- What you have to do
Set down again, exactly and only, the lines from the one that contains "Центральному району Челябинска." through the last line of the records below, both included, but not the pictures.

- Given data
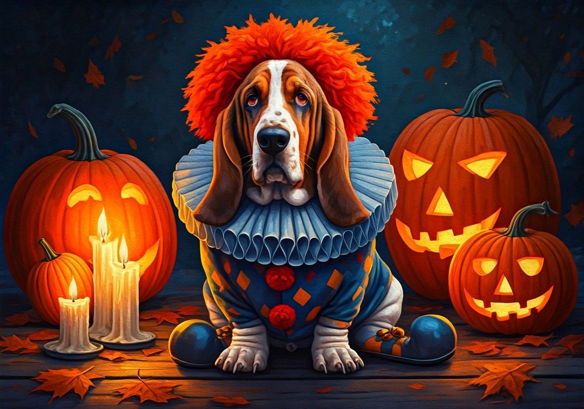 Easily generate your own vibrant oil paintings of basset hounds dressed as clowns for Halloween. Free and fun!
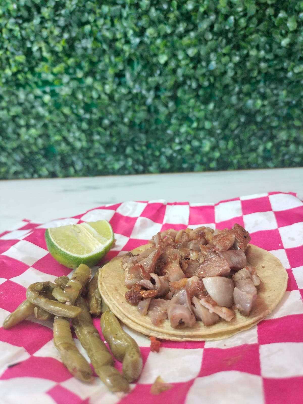 Un taco de tripa en tortilla de maíz acompañado de nopales, limón y salsa.
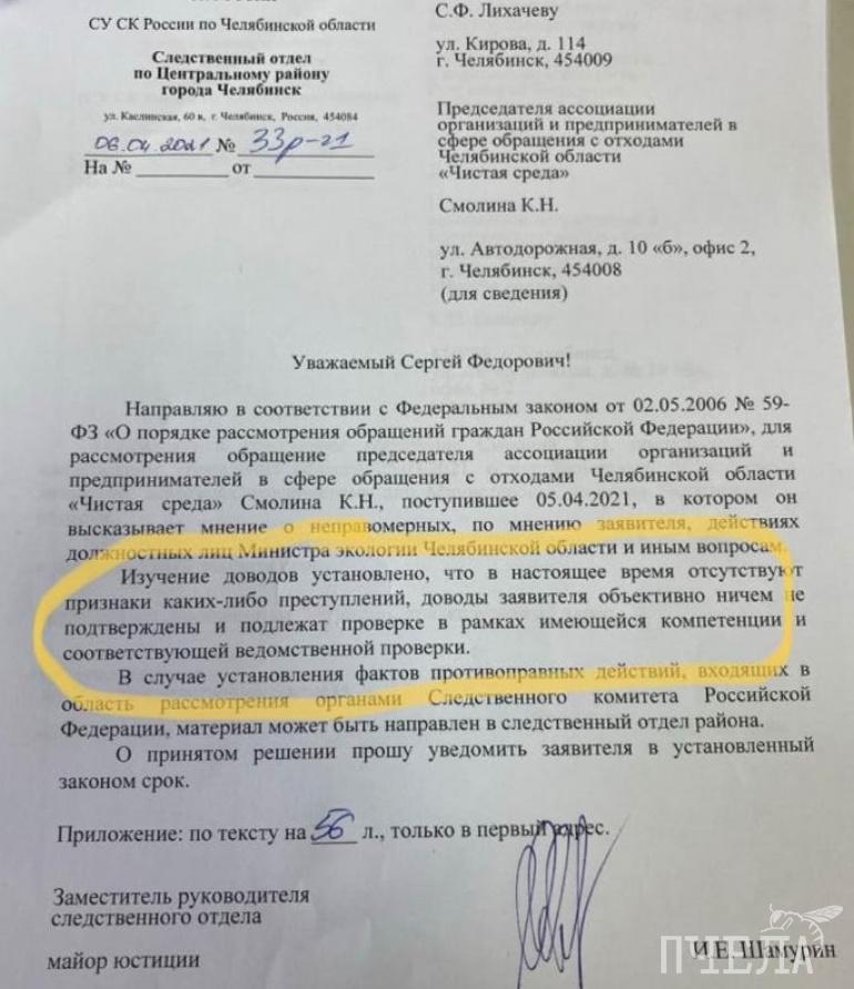 — В настоящее время отсутствуют признаки каких-либо преступлений, доводы заявителя объективно ничем не подтверждены — процитировал Безруков документ следственного отдела по Центральному району Челябинска.
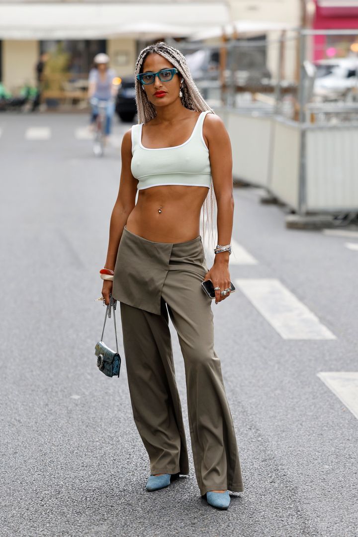 昨年に引き続きオフランウェイで多くみられるのが、チャンキーなカラーフレームやオーバルタイプ。タンクトップやブラトップで夏らしくアクティブにキメるなら、目もとも大胆にデコレーションしてみたい。クールな眼差しを演出するブルーのクリアフレームは投入するだけでエッジが加わり、いつもの着こなしをモードに昇華してくれる。
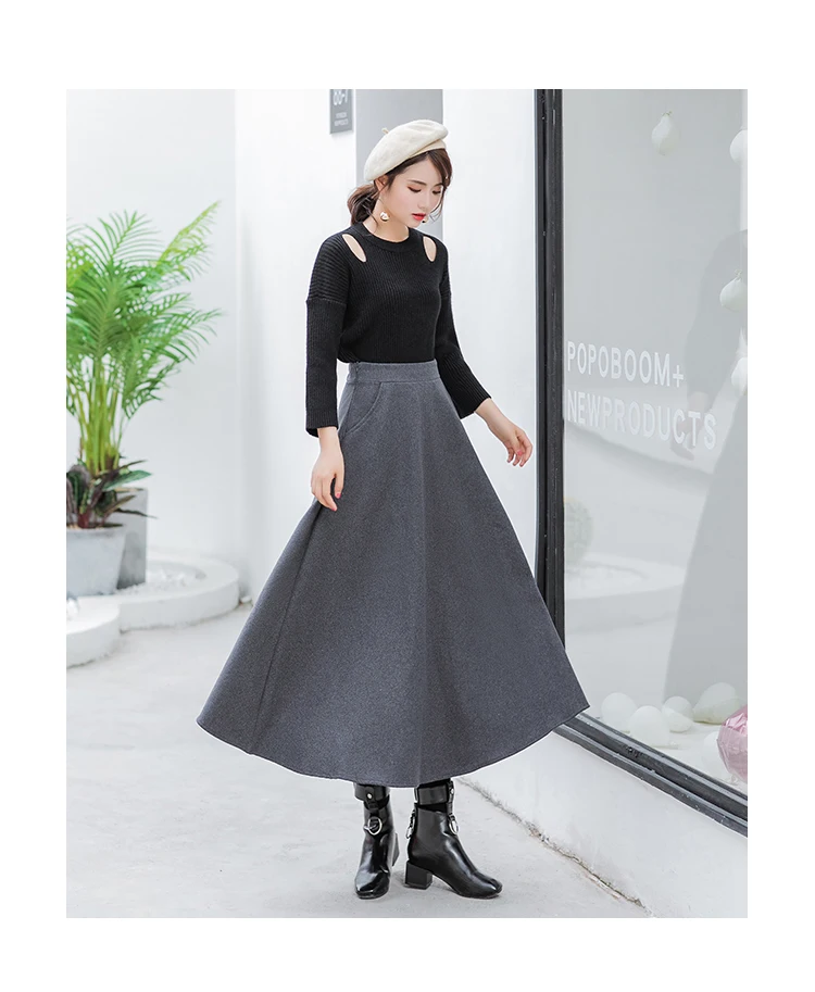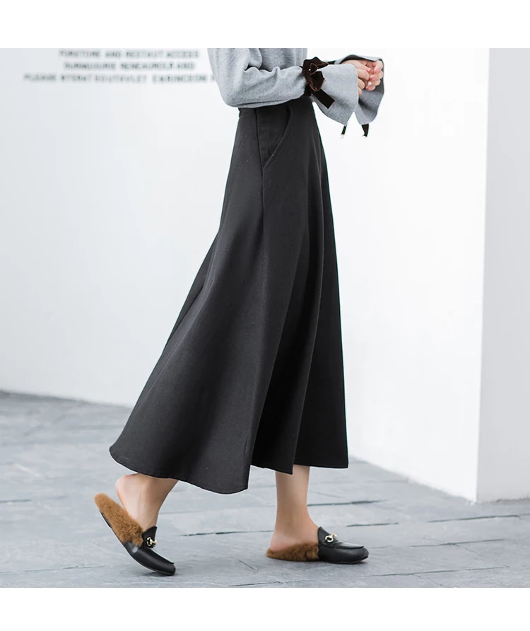 ОписаниеОсенне-зимняя теплая плотная Женская шерстяная юбка, эластичная юбка с высокой талией, а-силуэт, шерстяные юбки, Женская длинная большая свободная юбка DF813 <

- Response below
 — В настоящее время отсутствуют признаки каких-либо преступлений, доводы заявителя объективно ничем не подтверждены — процитировал Безруков документ следственного отдела по Центральному району Челябинска.
 昨年に引き続きオフランウェイで多くみられるのが、チャンキーなカラーフレームやオーバルタイプ。タンクトップやブラトップで夏らしくアクティブにキメるなら、目もとも大胆にデコレーションしてみたい。クールな眼差しを演出するブルーのクリアフレームは投入するだけでエッジが加わり、いつもの着こなしをモードに昇華してくれる。
 ОписаниеОсенне-зимняя теплая плотная Женская шерстяная юбка, эластичная юбка с высокой талией, а-силуэт, шерстяные юбки, Женская длинная большая свободная юбка DF813 <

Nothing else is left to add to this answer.